Fairness in the prediction of acute postoperative pain using machine learning models

Davoudi, Anis; Sajdeya, Ruba; Ison, Ron; Hagen, Jennifer; Rashidi, Parisa; Price, Catherine C.; Tighe, Patrick J.

doi:10.3389/fdgth.2022.970281

ORIGINAL RESEARCH article

Front. Digit. Health, 11 January 2023

Sec. Health Informatics

Volume 4 - 2022 | https://doi.org/10.3389/fdgth.2022.970281

This article is part of the Research TopicFairness, Interpretability, Explainability and Accountability in Predictive HealthcareView all 4 articles

Fairness in the prediction of acute postoperative pain using machine learning models

Jennifer Hagen³

Catherine C. Price^1,5

Patrick J. Tighe^1*

¹Department of Anesthesiology, University of Florida College of Medicine, Gainesville, FL, United Sates
²Department of Epidemiology, University of Florida College of Public Health and Health Professions, Gainesville, FL, United States
³Department of Orthopedic Surgery, University of Florida College of Medicine, Gainesville, FL, United States
⁴Department of Biomedical Engineering, University of Florida Herbert Wertheim College of Engineering, Gainesville, FL, United States
⁵Department of Clinical and Health Psychology, University of Florida College of Public Health and Health Professions, Gainesville, FL, United States

Introduction: Overall performance of machine learning-based prediction models is promising; however, their generalizability and fairness must be vigorously investigated to ensure they perform sufficiently well for all patients.

Objective: This study aimed to evaluate prediction bias in machine learning models used for predicting acute postoperative pain.

Method: We conducted a retrospective review of electronic health records for patients undergoing orthopedic surgery from June 1, 2011, to June 30, 2019, at the University of Florida Health system/Shands Hospital. CatBoost machine learning models were trained for predicting the binary outcome of low (≤4) and high pain (>4). Model biases were assessed against seven protected attributes of age, sex, race, area deprivation index (ADI), speaking language, health literacy, and insurance type. Reweighing of protected attributes was investigated for reducing model bias compared with base models. Fairness metrics of equal opportunity, predictive parity, predictive equality, statistical parity, and overall accuracy equality were examined.

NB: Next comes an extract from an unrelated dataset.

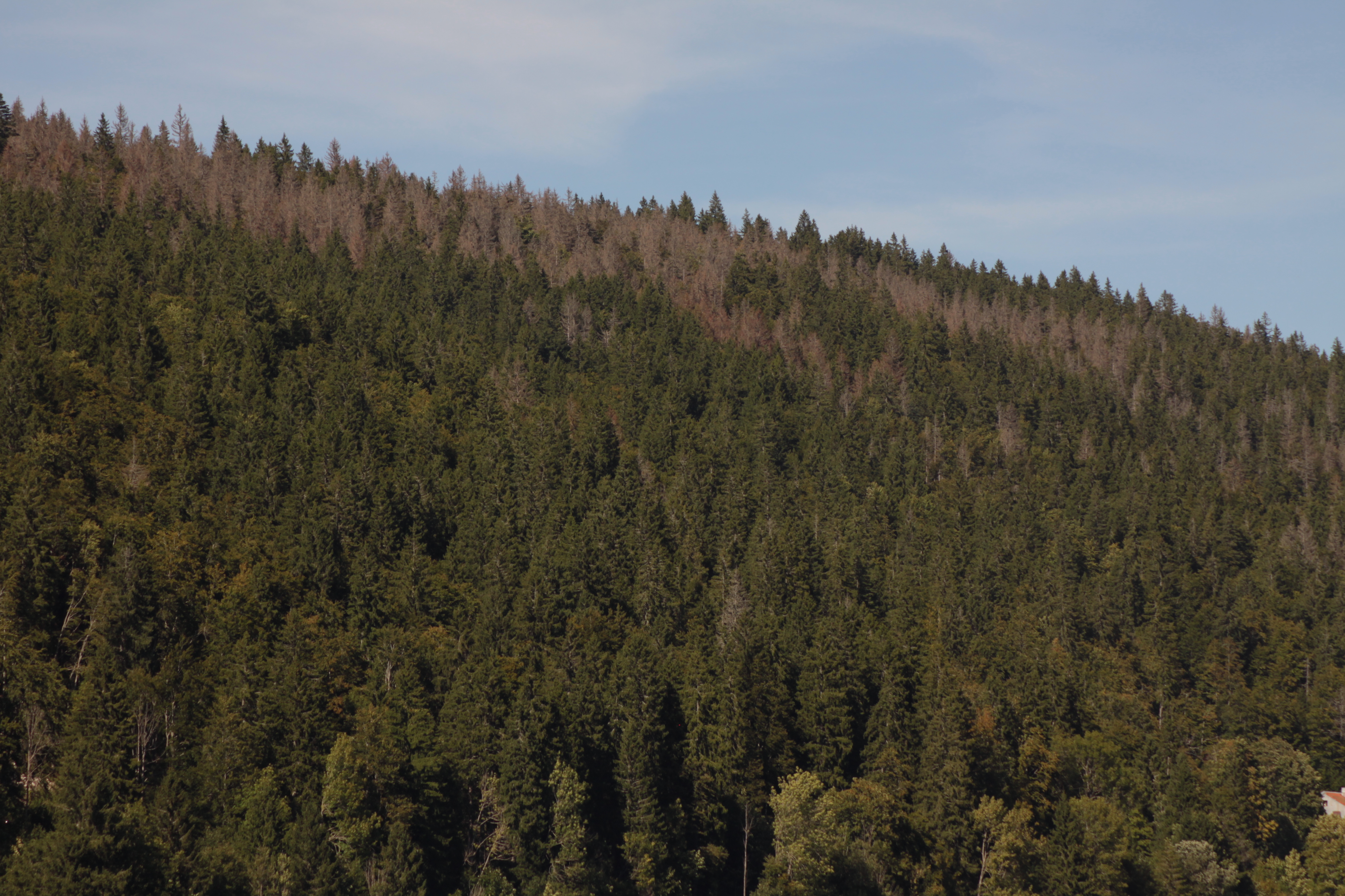 L'été fait de la résistance avec plus de 25°C au thermomètre. La forêt de résineux motre des signes de désèchessements avec de nombreux sapins totalement sec.

Results: The final dataset included 14,263 patients [age: 60.72 (16.03) years, 53.87% female, 39.13% low acute postoperative pain]. The machine learning model (area under the curve, 0.71) was biased in terms of age, race, ADI, and insurance type, but not in terms of sex, language, and health literacy. Despite promising overall performance in predicting acute postoperative pain, machine learning-based prediction models may be biased with respect to protected attributes.

Conclusion: These findings show the need to evaluate fairness in machine learning models involved in perioperative pain before they are implemented as clinical decision support tools.

Introduction

Acute postoperative pain is a significant public health problem. Eighty percent of surgical patients report experiencing postoperative pain, with as high as 88% of those reporting moderate or higher levels of pain (1, 2). Severe acute postoperative pain is associated with the development of persistent postoperative pain, although the nature of this relationship remains unclear (3–5). Poorly managed acute postoperative pain may lead to adverse outcomes, including lower patient satisfaction with pain management, delayed inpatient recovery and discharge, increased costs of care, chronic pain, inappropriate opioid prescribing, increased risk of opioid misuse and opioid use disorder, overdose, and death (2, 6–10).

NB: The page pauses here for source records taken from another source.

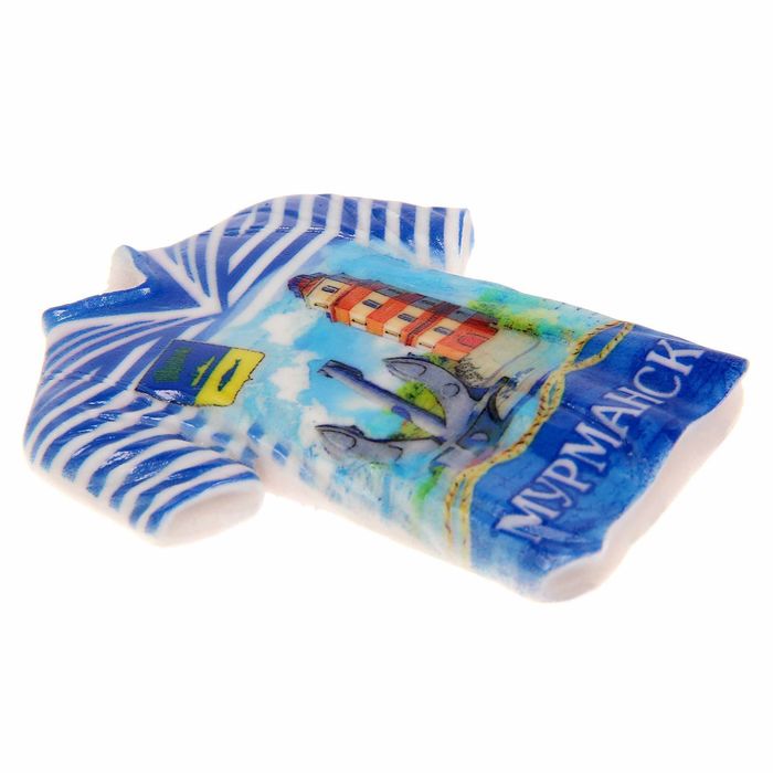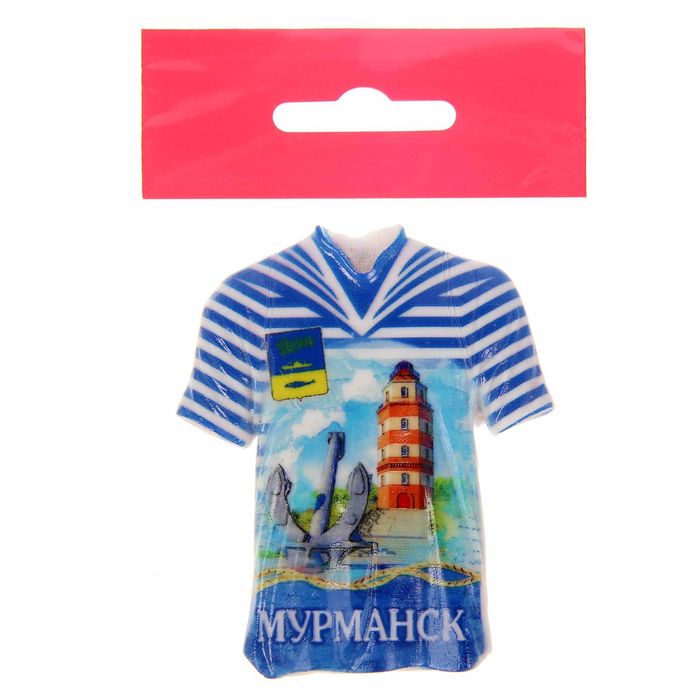 Сувенир выполнен в форме объёмной футболки. На нём изображён мемориал «Морякам, погибшим в мирное время» в Мурманске. Он свято хранит память о тех, кто с честью и отвагой нёс свою службу на благо Отечества. Имена храбрецов увековечены в летописи музея башни-маяка. Её видно с любой точки города. Суровый и непоколебимый, этот гордый страж олицетворяет собой собирательный образ русского солдата, ценой своей жизни защищавшего Родину.
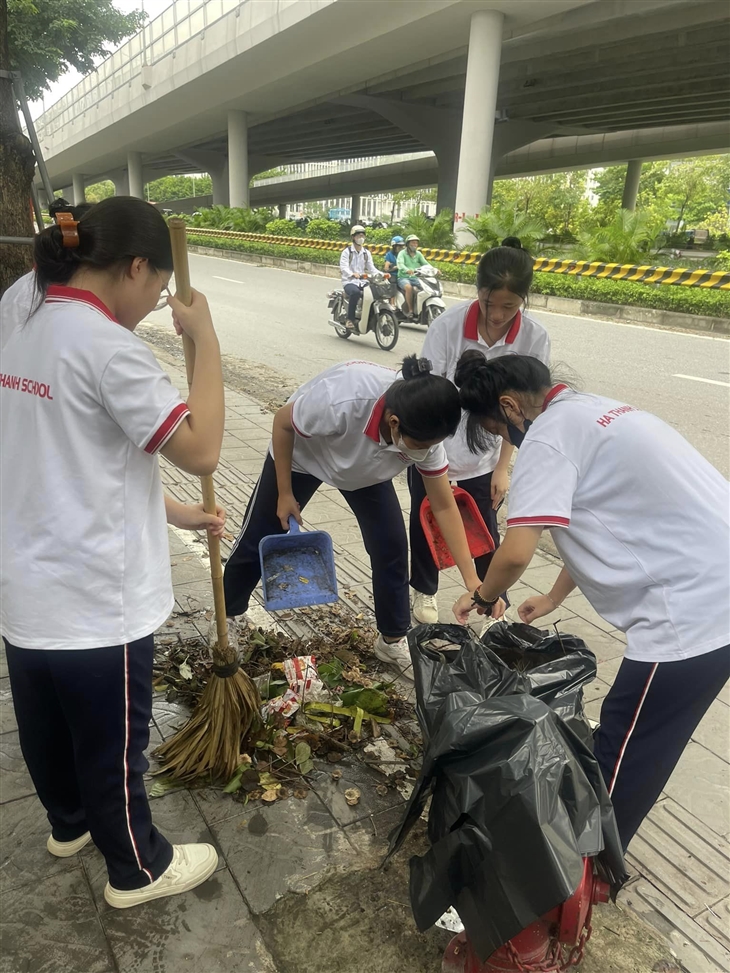 Tạo điều kiện cho các con học sinh trải nghiệm giúp đỡ các bác, các con Hà Thành đã rất hào hứng, thích thú tham gia nhặt gọn các cành cây, quét lá và nhặt vào túi bóng, tạo cảnh quan sạch đẹp.
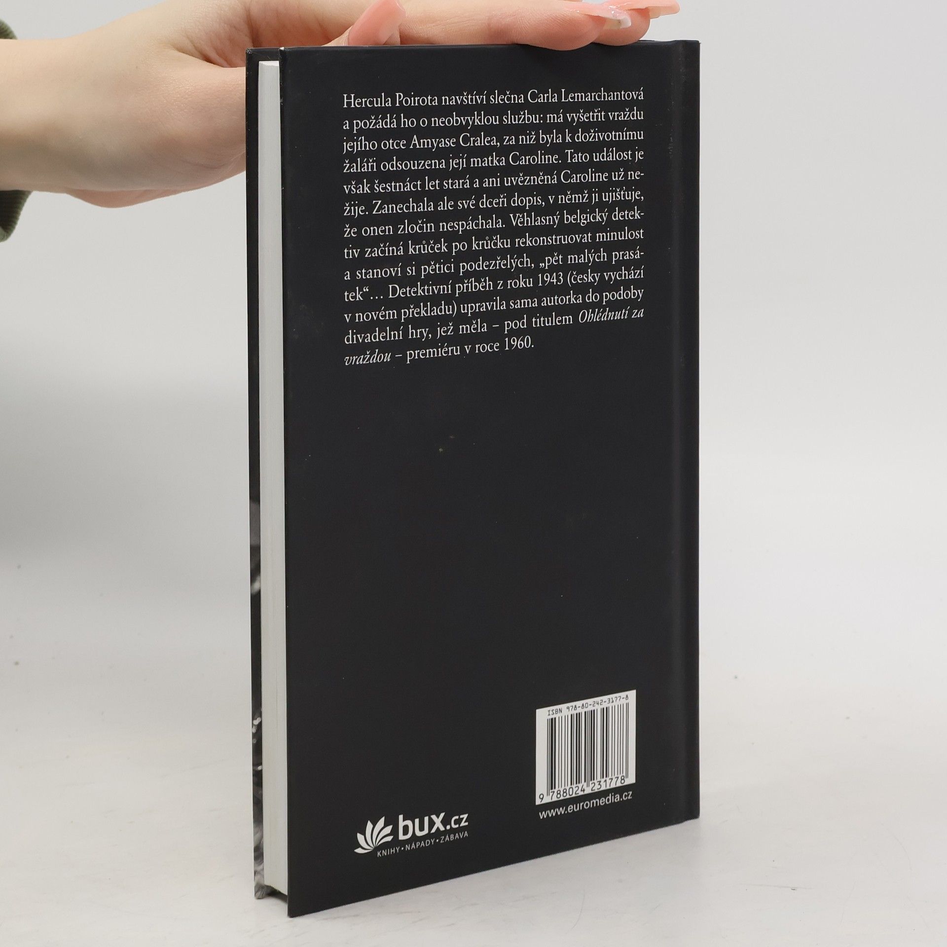 Hercula Poirota navštíví slečna Carla Lemarchantová a požádá ho o neobvyklou službu – má vyšetřit vraždu jejího otce Amyase Cralea, za niž byla k doživotnímu žaláři odsouzena její matka Caroline. Tato událost je však šestnáct let stará a ani uvězněná Caroline už nežije. Zanechala ale své dceři dopis, v němž ji ujišťuje, že onen zločin nespáchala. Poirot krůček po krůčku rekonstruuje minulost a stanoví si pětici podezřelých, „pět malých prasátek“. Detektivní příběh z roku 1943 (česky vychází v novém překladu) upravila sama autorka do podoby divadelní hry, jež měla – pod titulem Ohlédnutí za vraždou – premiéru v roce 1960.

One reason for suboptimal pain management is the difficulty in predicting severe acute postoperative pain. A preoperative prediction model for acute postoperative pain could, for instance, suggest a preoperative application of regional anesthetic techniques in patients whose surgical procedures may not otherwise qualify for such therapies based on local procedure-based heuristics. Over the past several decades, numerous models have been proposed to understand patient and procedural risk factors for severe acute postoperative pain (11–13). Although these models helped determine relevant predisposing and precipitating factors of moderate to severe postoperative acute pain, they often incorporated features that required extra clinical assessments, such as pain catastrophizing, anxiety, and functional disability tests (11, 14–16). Additionally, most previous research in this domain has focused on determining risk factors for postoperative pain using statistical methodology. Prior work suggests that given similar features, machine learning models can outperform linear statistical models in classifying outcomes related to postoperative pain (17, 18). Previous work using machine learning to predict pain with perioperative data shows promising performance with an area under the curve (AUC) of 0.70 for predicting acute postoperative pain (19).

Although machine learning methods have significantly improved the accuracy of predictions, questions remain concerning their interpretability and fairness. Those aspects are especially important for future implementation and translational research. Previous research using machine learning in healthcare primarily focused on the model's overall performance, which was evaluated based only on how well the model predicted the decided outcome for the test dataset. Recently, there has been growing concern about the performance of these models among underrepresented and marginalized groups that may not be well represented in the dataset used for training the model. This is a crucial consideration for physicians applying population-level models on individual patients from underrepresented backgrounds who may ask how well such models apply to them personally. Here, concerns over machine learning “fairness” refer to the algorithmic bias in machine learning approaches, where the developed models will systematically predict an outcome more likely for one group than another, especially when these groupings are based on sensitive attributes that should not be correlated with the outcomes (e.g., ethnicity, gender, disability status). Using a model with a strong performance in the general population but that is biased against unprivileged groups might be harmful to patients in the unprivileged subcohorts.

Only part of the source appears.